§ Work order: Each record should be copied exactly into the answer, and no picture should go with it.

§ Entries supplied:
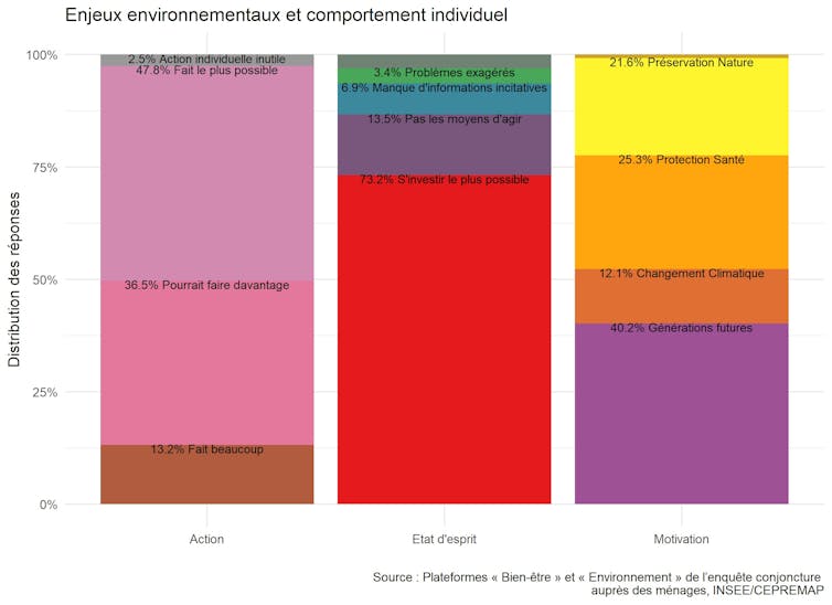 Les Français estiment très majoritairement (73,2%) que chacun doit s’investir le plus possible. Une part encore importante (13,5%) estime ne pas disposer des moyens nécessaires pour agir à son niveau. Ainsi, une grande majorité de la population est consciente et s’inquiète des problèmes environnementaux, désire fondamentalement agir mais trouve difficile d’en faire davantage.
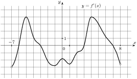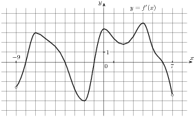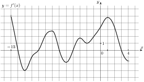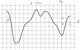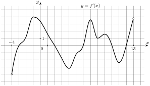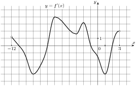 На рисунке изображен график производной функции f(x), определенной на интервале (−2; 12). Найдите промежутки убывания функции f(x). В ответе укажите длину наибольшего из них.
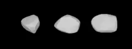 Lightcurve inversion also modeled the body's shape and poles. In 2013, modelling by an international study using photometric data from the US Naval Observatory, the Uppsala Asteroid Photometric Catalogue, the Palomar Transient Factory and the Catalina Sky Survey gave a concurring sidereal period of 5.07478±0.00002 hours and two spin axes at (218.0°, 34.0°) and (53.0°, 41.0°) in ecliptic coordinates (λ, β). The body's very elongated shape had already been indicated by the relatively high brightness variation measured during the direct photometric observations.[5][14]
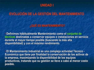 El documento describe la evolución histórica de la gestión del mantenimiento industrial desde finales del siglo XIX hasta la actualidad. Inicialmente, el mantenimiento se realizaba de forma reactiva una vez producida la avería. Posteriormente surgieron técnicas de mantenimiento preventivo para prevenir fallos. Más recientemente han aparecido enfoques como el mantenimiento predictivo, la gestión asistida por ordenador y el mantenimiento basado en la fiabilidad, que buscan optimizar los costes y la disponibilidad de los equipos.
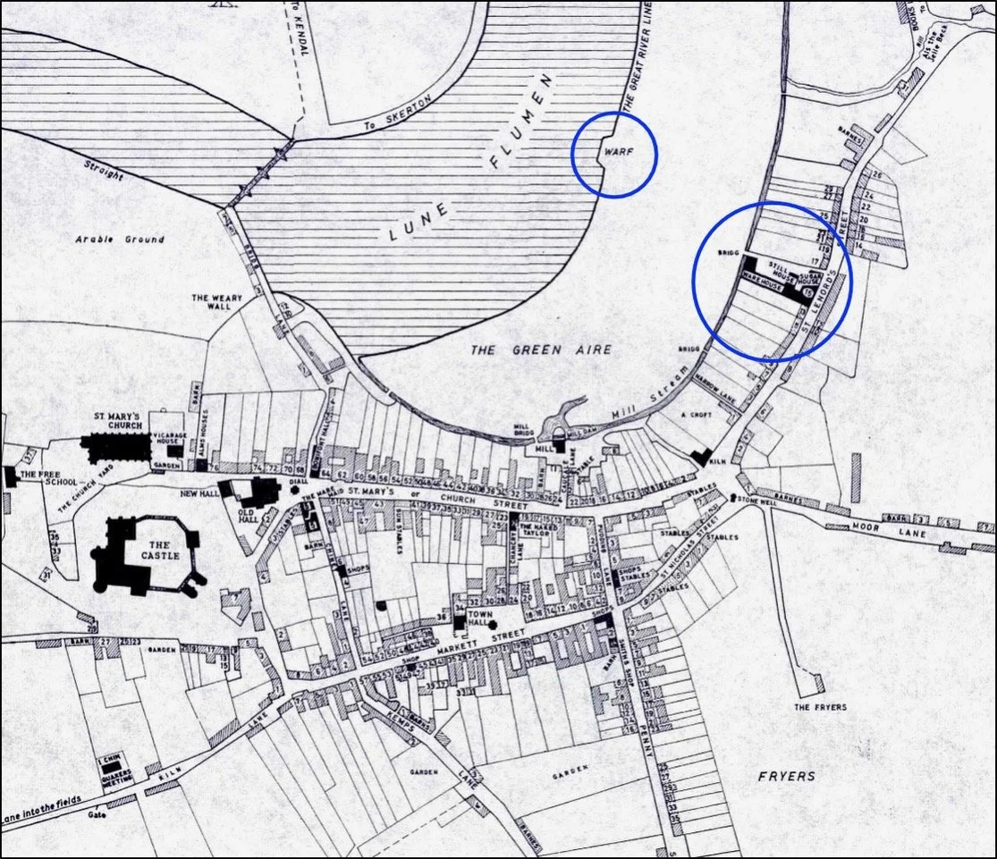 The location of the wharf, bridge, and Sugarhouse of John Lawson: Docton’s Map of Lancaster in 1684: Courtesy the Historic Society of Lancashire and Cheshire.
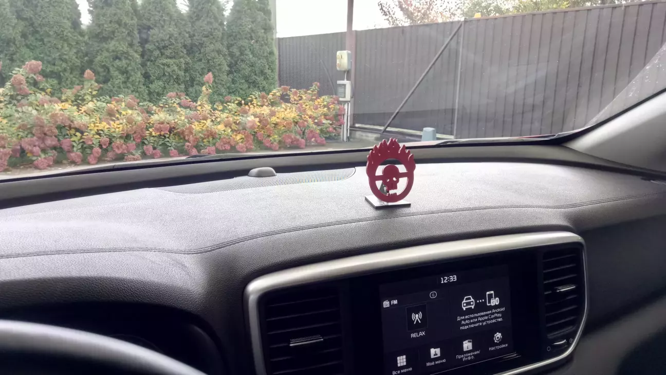 Своей первой моделью выбрал Знак отличия Несмертного Джо из фильма Безумный Макс дорога ярости, смоделировал его в качестве декора в салон автомобиля, сделал тестовую 3д печать.
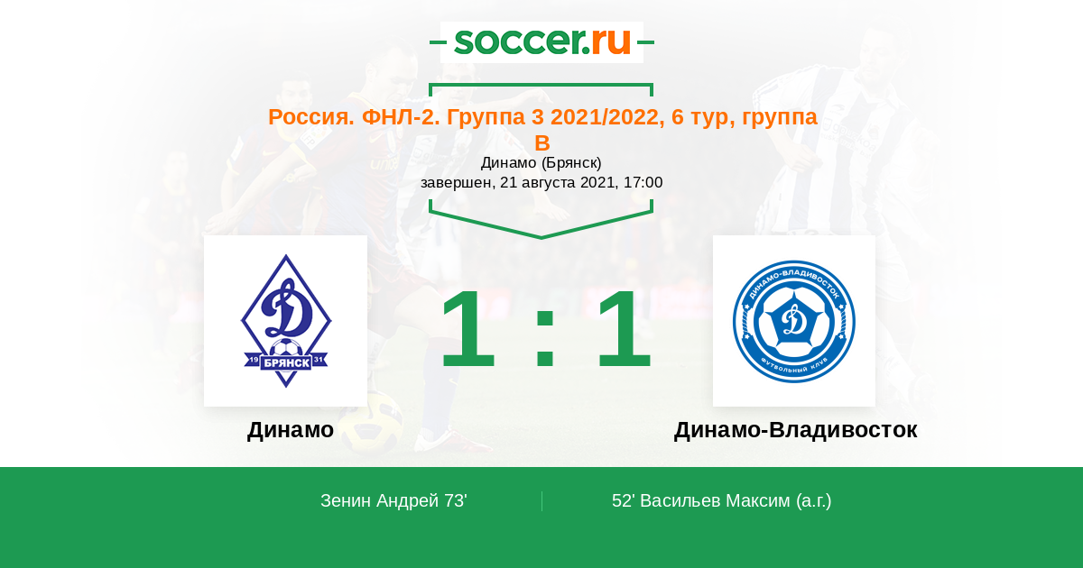 Протокол матча Динамо Брянск против Динамо Владивосток
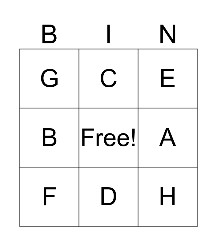 This bingo card has a free space and 8 words: A, E, C, F, G, H, B and D.
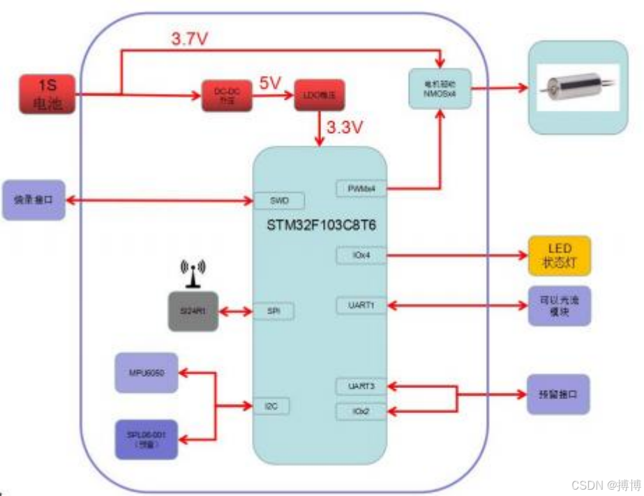 飞控系统供电电压采用3.7V标准1S锂电池。电源部分的工作原理如下:
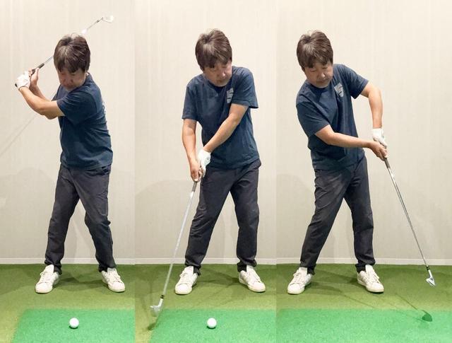 画像: ボールに当てたいという気持ちから右手首を早くリリースしてしまう。ヘッドが早く落ちてダフリを回避するために左ひじを引いたフォローになる
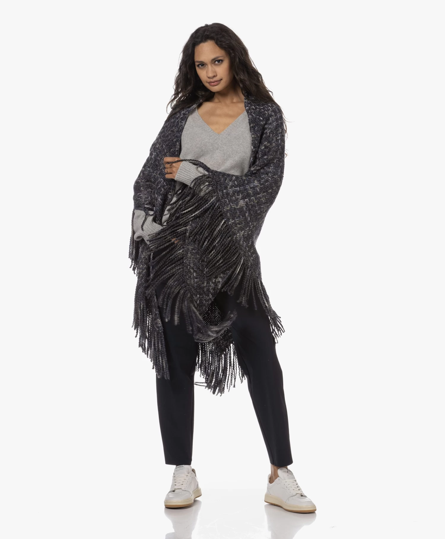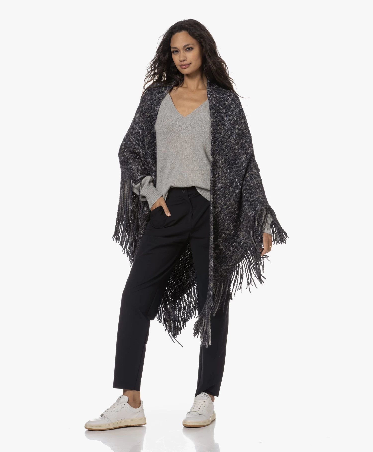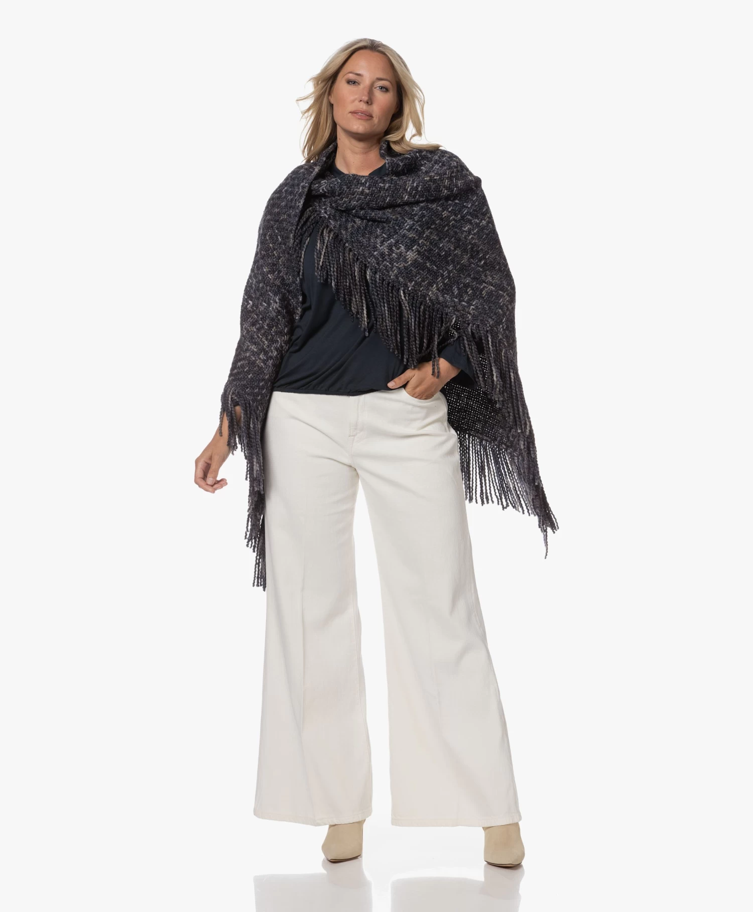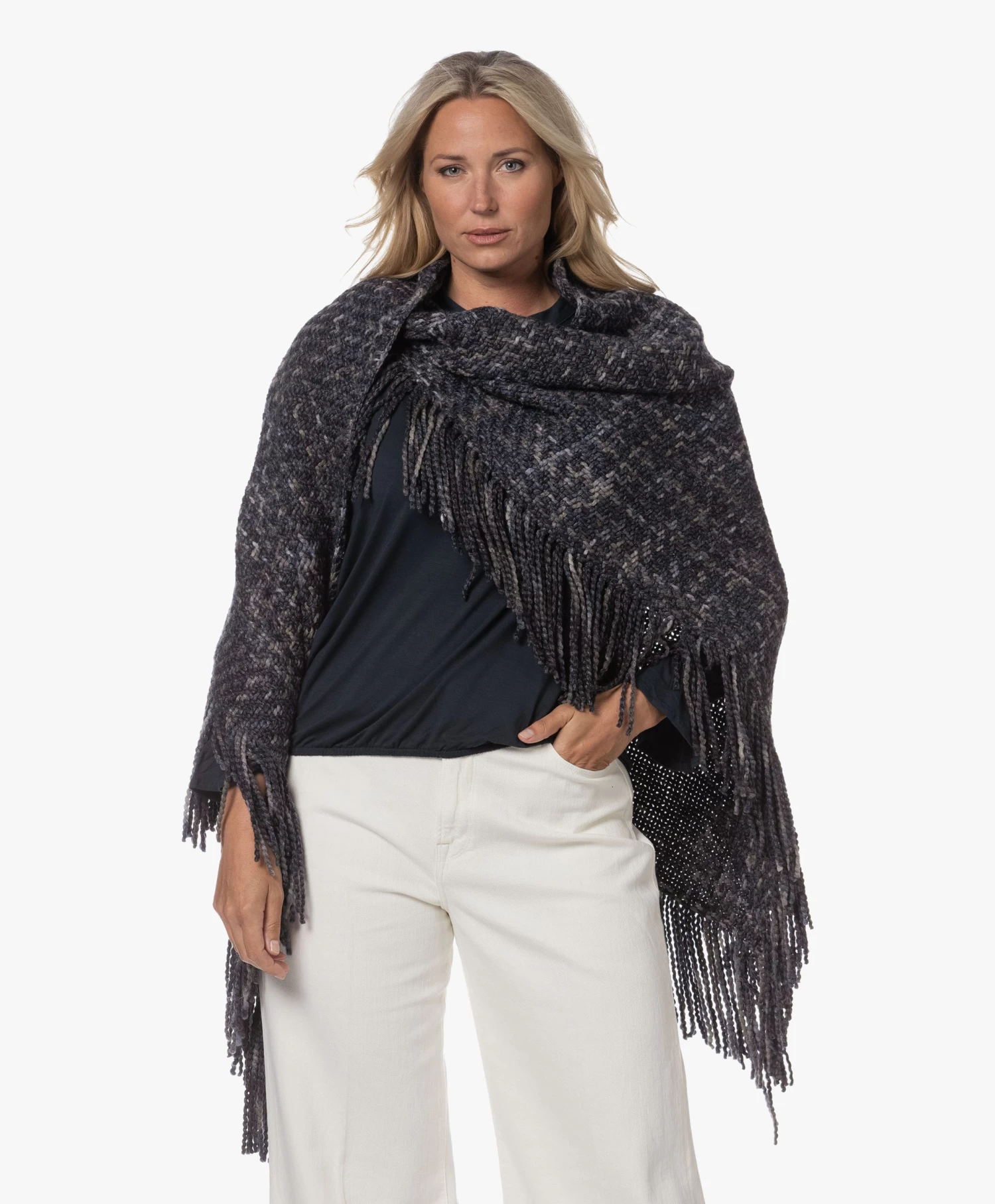 Unieke, handgemaakte stukken geven je garderobe karakter. Dat is, naast ultieme veelzijdigheid in gebruik, de toegevoegde waarde van deze handgeweven poncho van Manos del Uruguay. Gemaakt van de fijnste merinowol en linnen, gesponnen tot een zacht en dik garen met een gemêleerde optiek in grijstinten. Draagmomenten te over, variërend van relaxen op de bank tot power naps in het vliegtuig of een rondje met de hond. De fairtrade insteek komt met een persoonlijk tintje: de hangtag vermeldt de naam van de trotse maker.
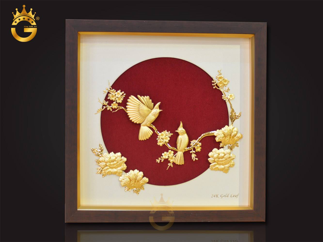 Ý nghĩa tranh đôi chim hoa mẫu đơn bằng vàng lá 24k cao cấp
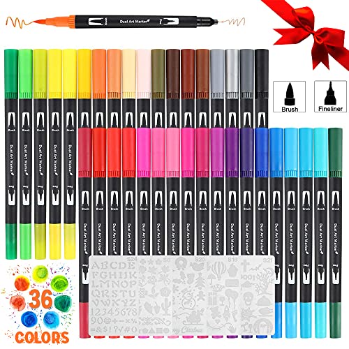 Pennarelli Doppia Punta, 36 Colorati Pennarelli Punta Fine con 5 Modelli Stencil per Bambini e Adulti Libro Colorare, Pennarelli Pennarelli Acquerellabili per Calligrafia, Disegno, Schizzi, Pittura
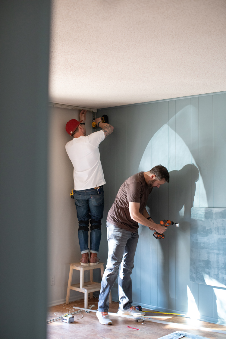 Julia and I both had the idea to do an upholstered headboard, and the curtains were the perfect fabric for that DIY. We cut three rectangles with rounded edges out of mdf and stapled batting around them, then the curtain fabric. Julia and I started this project but Jenny Komenda showed up and finished it for us! It was such a joy to meet her in person, and her upholstery skills are unmatched. We ended up washing the nightstands in the wall color for a softer look, and they really pop off of the headboard. And how about those pendants? They’re perfect for this mid century bedroom. Would you believe we didn’t even have to wire them? We used the puck light trick I used in the laundry room to give them light without the need to run electrical, and the result is beautiful and functional. Another DIY you can see in my Instagram stories here.
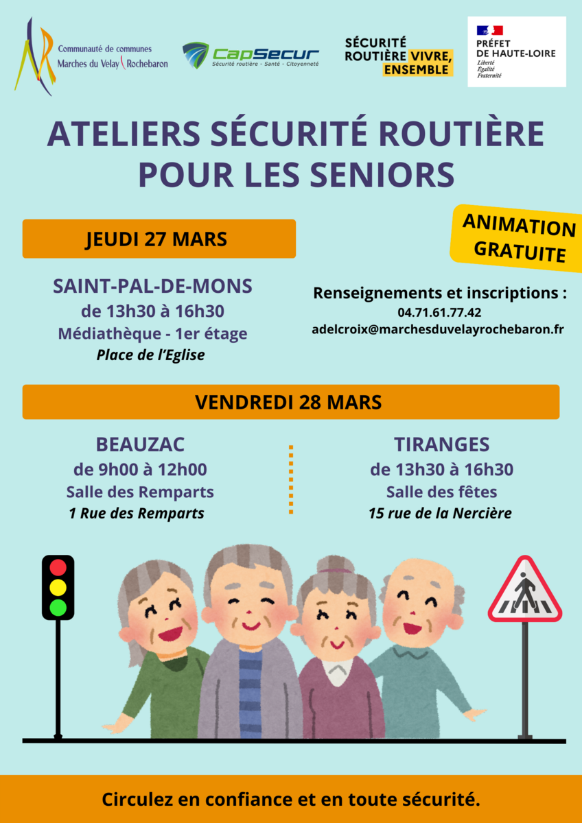 La Communauté de Communes Marches du Velay Rochebaron, en partenariat avec les communes et les CCAS, organise des ateliers gratuits pour aider nos aînés à réactualiser leurs connaissances du code de la route et à circuler en toute sécurité.
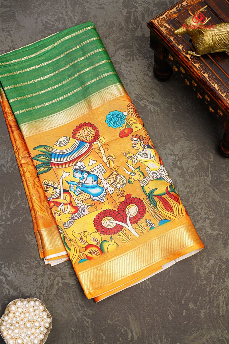 GREEN and MULTI KALAMKARI PRINT SILK Saree with FANCY
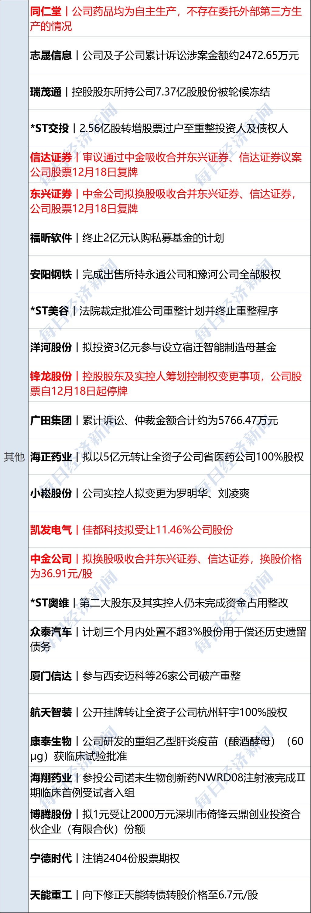 华谊兄弟(SZ300027,股价2.17元,市值60亿元):12月17日晚,华谊兄弟公告称,公司收到股东杭州阿里创业投资有限公司(简称“阿里创投”)和马云出具的相关文件,获悉阿里创投于12月17日减持公司股份,导致阿里创投及其一致行动人马云的权益变动触及1%及5%的整数倍,阿里创投的持股比例由3.467799%下降至2.403580%,阿里创投及其一致行动人马云的持股比例由6.064215%下降至4.999996%。本次变动之后,阿里创投及其一致行动人马云不再是华谊兄弟持股5%以上股东。

§ Answer box:
 Les Français estiment très majoritairement (73,2%) que chacun doit s’investir le plus possible. Une part encore importante (13,5%) estime ne pas disposer des moyens nécessaires pour agir à son niveau. Ainsi, une grande majorité de la population est consciente et s’inquiète des problèmes environnementaux, désire fondamentalement agir mais trouve difficile d’en faire davantage.
 На рисунке изображен график производной функции f(x), определенной на интервале (−2; 12). Найдите промежутки убывания функции f(x). В ответе укажите длину наибольшего из них.
 Lightcurve inversion also modeled the body's shape and poles. In 2013, modelling by an international study using photometric data from the US Naval Observatory, the Uppsala Asteroid Photometric Catalogue, the Palomar Transient Factory and the Catalina Sky Survey gave a concurring sidereal period of 5.07478±0.00002 hours and two spin axes at (218.0°, 34.0°) and (53.0°, 41.0°) in ecliptic coordinates (λ, β). The body's very elongated shape had already been indicated by the relatively high brightness variation measured during the direct photometric observations.[5][14]
 El documento describe la evolución histórica de la gestión del mantenimiento industrial desde finales del siglo XIX hasta la actualidad. Inicialmente, el mantenimiento se realizaba de forma reactiva una vez producida la avería. Posteriormente surgieron técnicas de mantenimiento preventivo para prevenir fallos. Más recientemente han aparecido enfoques como el mantenimiento predictivo, la gestión asistida por ordenador y el mantenimiento basado en la fiabilidad, que buscan optimizar los costes y la disponibilidad de los equipos.
 The location of the wharf, bridge, and Sugarhouse of John Lawson: Docton’s Map of Lancaster in 1684: Courtesy the Historic Society of Lancashire and Cheshire.
 Своей первой моделью выбрал Знак отличия Несмертного Джо из фильма Безумный Макс дорога ярости, смоделировал его в качестве декора в салон автомобиля, сделал тестовую 3д печать.
 Протокол матча Динамо Брянск против Динамо Владивосток
 This bingo card has a free space and 8 words: A, E, C, F, G, H, B and D.
 飞控系统供电电压采用3.7V标准1S锂电池。电源部分的工作原理如下:
 画像: ボールに当てたいという気持ちから右手首を早くリリースしてしまう。ヘッドが早く落ちてダフリを回避するために左ひじを引いたフォローになる
 Unieke, handgemaakte stukken geven je garderobe karakter. Dat is, naast ultieme veelzijdigheid in gebruik, de toegevoegde waarde van deze handgeweven poncho van Manos del Uruguay. Gemaakt van de fijnste merinowol en linnen, gesponnen tot een zacht en dik garen met een gemêleerde optiek in grijstinten. Draagmomenten te over, variërend van relaxen op de bank tot power naps in het vliegtuig of een rondje met de hond. De fairtrade insteek komt met een persoonlijk tintje: de hangtag vermeldt de naam van de trotse maker.
 Ý nghĩa tranh đôi chim hoa mẫu đơn bằng vàng lá 24k cao cấp
 Pennarelli Doppia Punta, 36 Colorati Pennarelli Punta Fine con 5 Modelli Stencil per Bambini e Adulti Libro Colorare, Pennarelli Pennarelli Acquerellabili per Calligrafia, Disegno, Schizzi, Pittura
 Julia and I both had the idea to do an upholstered headboard, and the curtains were the perfect fabric for that DIY. We cut three rectangles with rounded edges out of mdf and stapled batting around them, then the curtain fabric. Julia and I started this project but Jenny Komenda showed up and finished it for us! It was such a joy to meet her in person, and her upholstery skills are unmatched. We ended up washing the nightstands in the wall color for a softer look, and they really pop off of the headboard. And how about those pendants? They’re perfect for this mid century bedroom. Would you believe we didn’t even have to wire them? We used the puck light trick I used in the laundry room to give them light without the need to run electrical, and the result is beautiful and functional. Another DIY you can see in my Instagram stories here.
 La Communauté de Communes Marches du Velay Rochebaron, en partenariat avec les communes et les CCAS, organise des ateliers gratuits pour aider nos aînés à réactualiser leurs connaissances du code de la route et à circuler en toute sécurité.
 GREEN and MULTI KALAMKARI PRINT SILK Saree with FANCY
 华谊兄弟(SZ300027,股价2.17元,市值60亿元):12月17日晚,华谊兄弟公告称,公司收到股东杭州阿里创业投资有限公司(简称“阿里创投”)和马云出具的相关文件,获悉阿里创投于12月17日减持公司股份,导致阿里创投及其一致行动人马云的权益变动触及1%及5%的整数倍,阿里创投的持股比例由3.467799%下降至2.403580%,阿里创投及其一致行动人马云的持股比例由6.064215%下降至4.999996%。本次变动之后,阿里创投及其一致行动人马云不再是华谊兄弟持股5%以上股东。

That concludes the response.